Results and Discussion

Optical Properties and Photovoltaic Device Performance

Figure 1B shows the normalized UV-Vis absorption spectra of PCE10, PCE12, Bis-PDI-T-EG and their blend films. In the spectra, there are two distinguished features: (1) the absorption spectra of PCE12 and PDI substantially overlap with each other in the visible range from 450 to 700 nm; (2) the absorption spectra of PCE10 and PDI are well complementary to each other, covering the wavelength range from 300 to 800 nm. Thus, the PCE10/PDI blend film has the potential to harvest more photon energy compared with that of PCE12/PDI, which may result in higher short circuit current (JSC) in the devices (Xiao et al., 2017b).

The lowest unoccupied molecular orbital (LUMO) and the highest occupied molecular orbital (HOMO) offsets between the donor and the acceptor are shown in Figure 1C (Zhang et al., 2014, 2015; Zhao et al., 2016b).

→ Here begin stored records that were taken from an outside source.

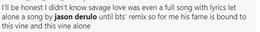 Chủ nhân bản gốc Savage Love, Jason Derulo chỉ vài tiếng trước đã đăng tải một đoạn tiktok ghi lại buổi tiệc chúc mừng No.1 trên BXH danh gia này, đồng thời cũng đánh dấu sự trở lại Billboard Hot 100 của nam ca sĩ sau hơn 11 năm.
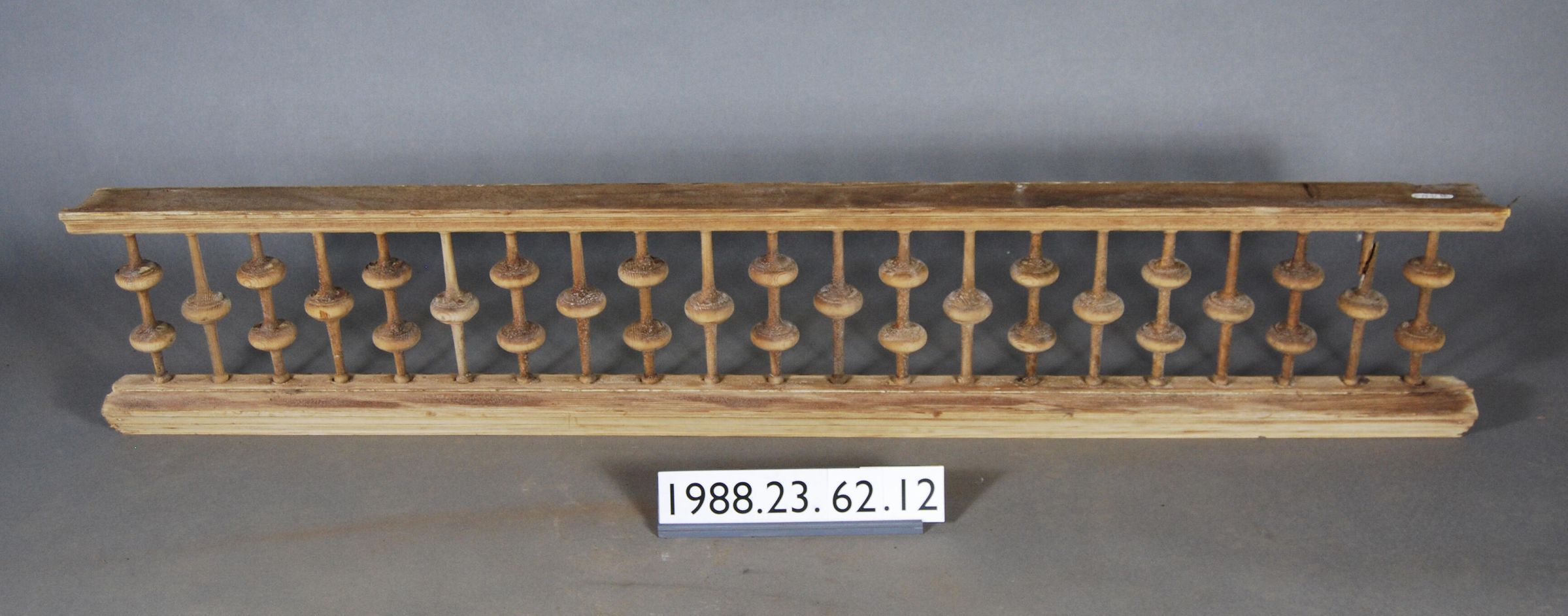 Exterior wood spindle work composed of curved top and bottom rails and twenty-one spindles (one spindle is broken). Originally painted - now stripped. Part of porch assembly. Manufacturer: Place of Manufacturer: Design motif: Style: Finish: Stripped
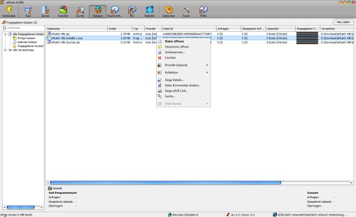 Das Dateienfenster bietet einen Überblick über alle Dateien die du im eD2K- oder KAD-Netzwerk veröffentlich hast.
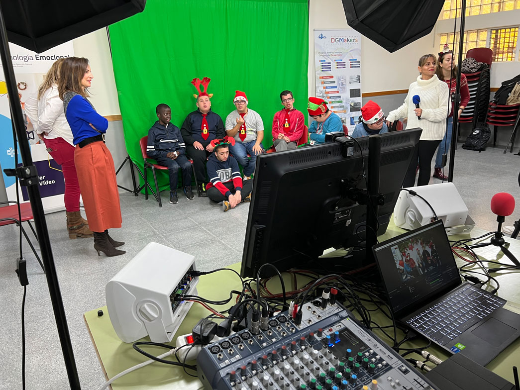 Esta iniciativa educativa ha arrancado con tres talleres de Tecnología Emocional. El primero de ellos es un estudio de televisión para digitalizar testimonios de personas mayores y acercarles la tecnología digital desde una perspectiva activa y motivadora. Durante la actividad de ayer, los alumnos participantes grabaron vídeos musicales navideños y testimonios del alumnado y profesorado del CEE Eusebio Martínez.
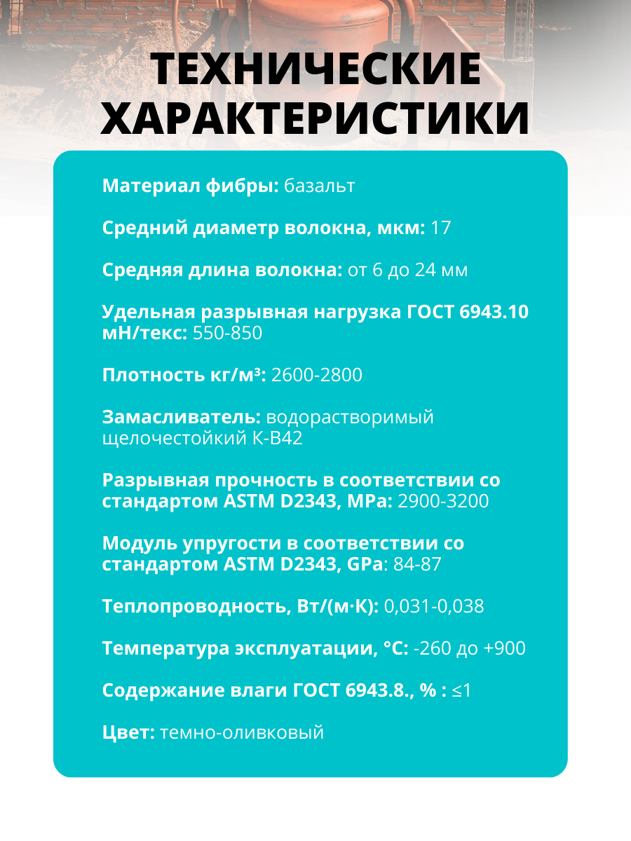 - Повышает устойчивость к истиранию бетонных конструкций (с базальтовой фиброй повышается на 40-60%)
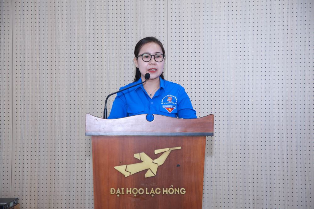Đồng chí Trương Lê Bảo Trinh – Bí thư Đoàn trường ghi nhận, biểu dương những kết quả đạt được của công tác Đoàn, Hội và phong trào thanh niên, sinh viên; nêu ra những hạn chế trong công tác Đoàn - Hội năm học 2023 – 2024; triển khai phương hướng, nhiệm vụ trọng tâm trong năm học mới 2024 - 2025.
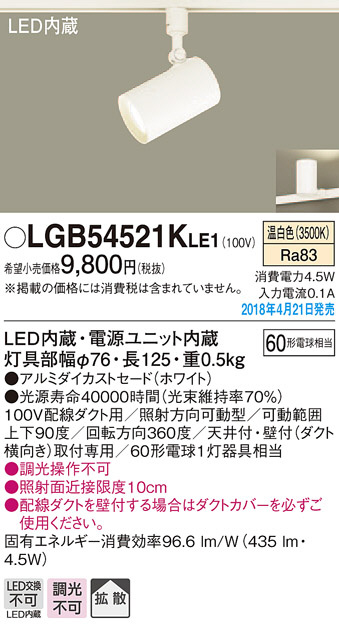 Panasonic ¥¹¥Ý¥Ã¥È¥é¥¤¥È LGB54521KLE1
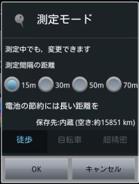 - life360というアプリをインストールすると測定間隔が延びてしまったが,Androidの「位置情報」の設定を「高精度」から「GPSのみ」に変更すれば解消した
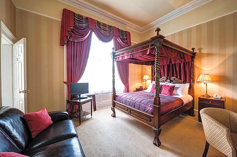These rooms have canopied four-poster beds, bath/shower, flat-screen TVs and high ceilings. Free WiFi, bottles of water, tea, coffee, complimentary shortbreads are also included in the room.
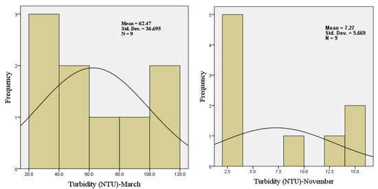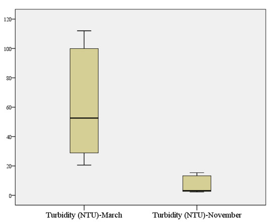 Insitu concentrations of turbidity were measured in both March and November 2014. The distribution of data of turbidity was generally skewed, with low values and without any outliers or very high values (Table 3). Turbidity concentrations ranged between 20.6 and 112.0 NTU with a mean value of 62.467 NTU during March 2014, and between 2.3 and 15.4 NTU with mean value of 7.267 NTU during November 2014.
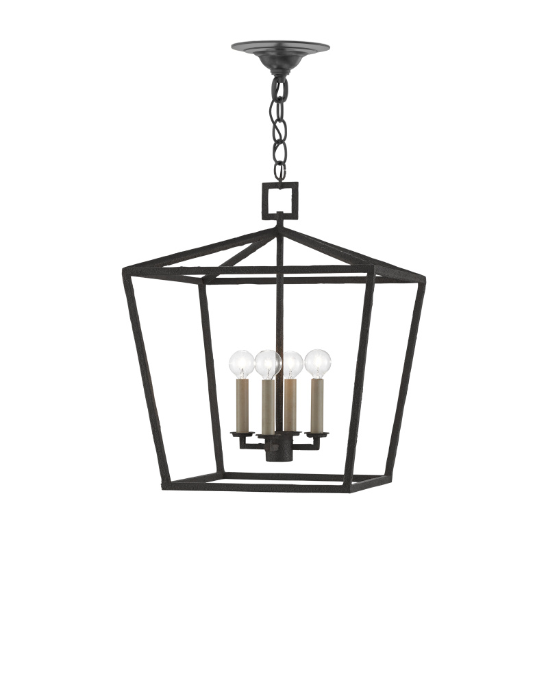 The Denison Black Medium Lantern is a hammered wrought-iron fixture in a Mole black finish. The classic lantern shape has stood the test of time to make it one of our most popular offerings. A design element of note is the square that fastens the lantern to the chain. Adjustable from 28.5" to 94" with use of included chain/rod kit/cable. If your space calls for a longer drop, additional chain/rods/cable is available for purchase.
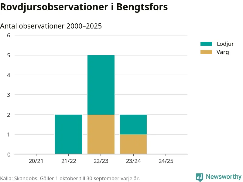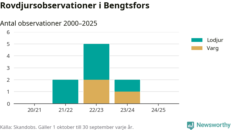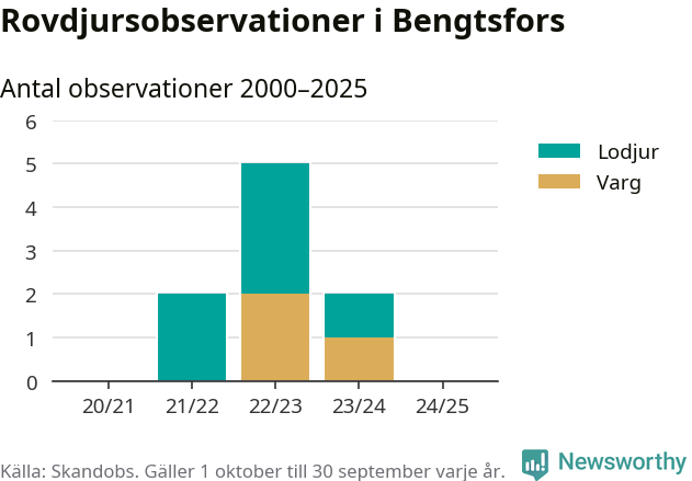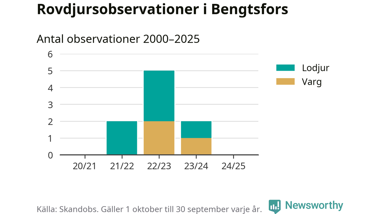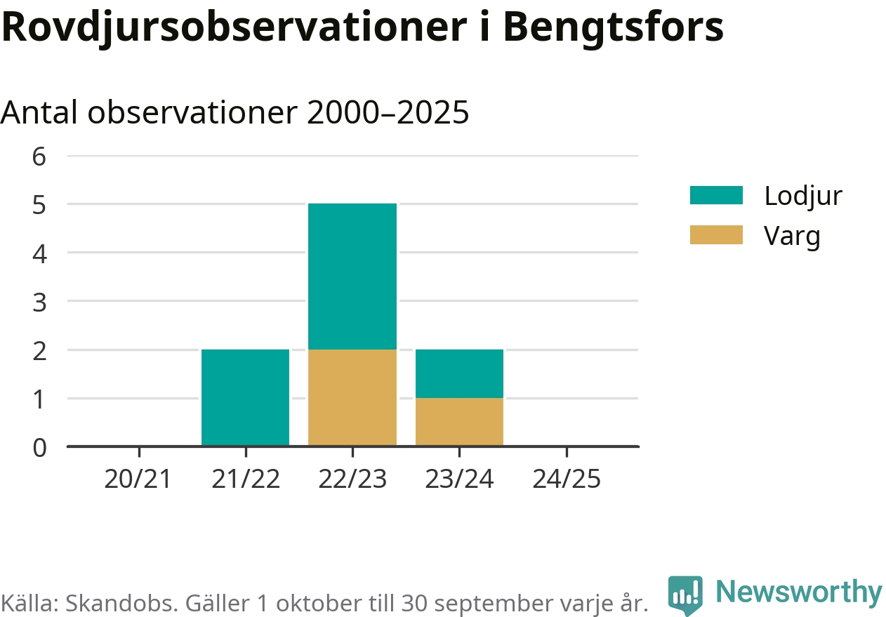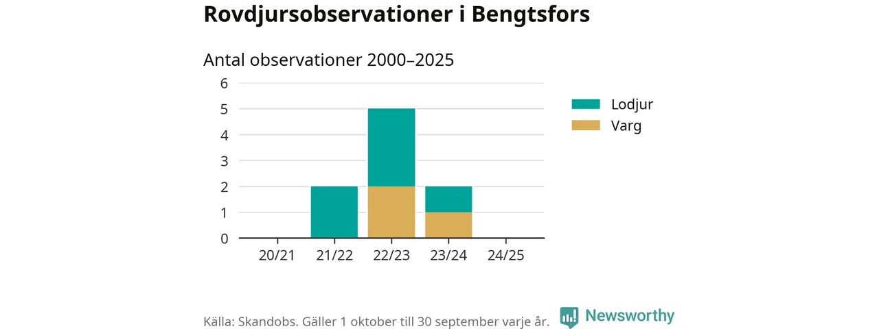 Under det senaste året har inga observationer av rovdjur i Bengtsfors rapporterats till Skandobs, men sedan slutet av 2020 finns sex lodjursobservationer och tre vargobservationer.
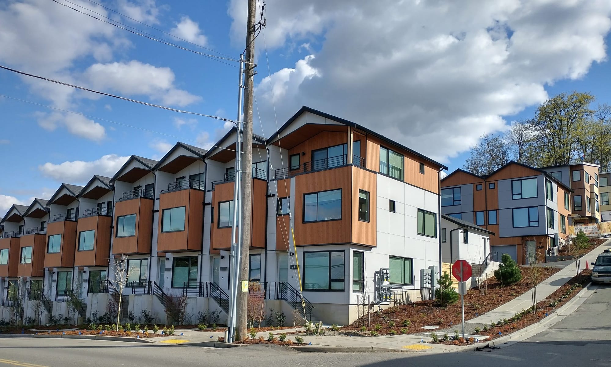 Uphill from the station, several blocks west on Cloverdale Street, at 8620 39th Avenue S and 8612 39th Avenue S, developers are building a total of 22 units in a variety of three-story townhouses — part of larger group of new townhomes in the surrounding blocks. The project is nearing completion and some homes are for sale. One block away, at 8608 42nd Avenue S, another developer is constructing five new townhomes within a short walk from the station.

It is noticeable that the existing energy offsets for electron transfer from donor to acceptor and the hole transfer from acceptor to donor are sufficient in both PCE10/PDI and PCE12/PDI systems. We also notice the HOMO energy difference in PCE10 and PCE12, i.e., the HOMO of PCE12 is about 0.1 eV deeper compared with that of PCE10, which may lead to a higher device open circuit voltage (VOC). Proper device performance is expected for both polymer/PDI blends.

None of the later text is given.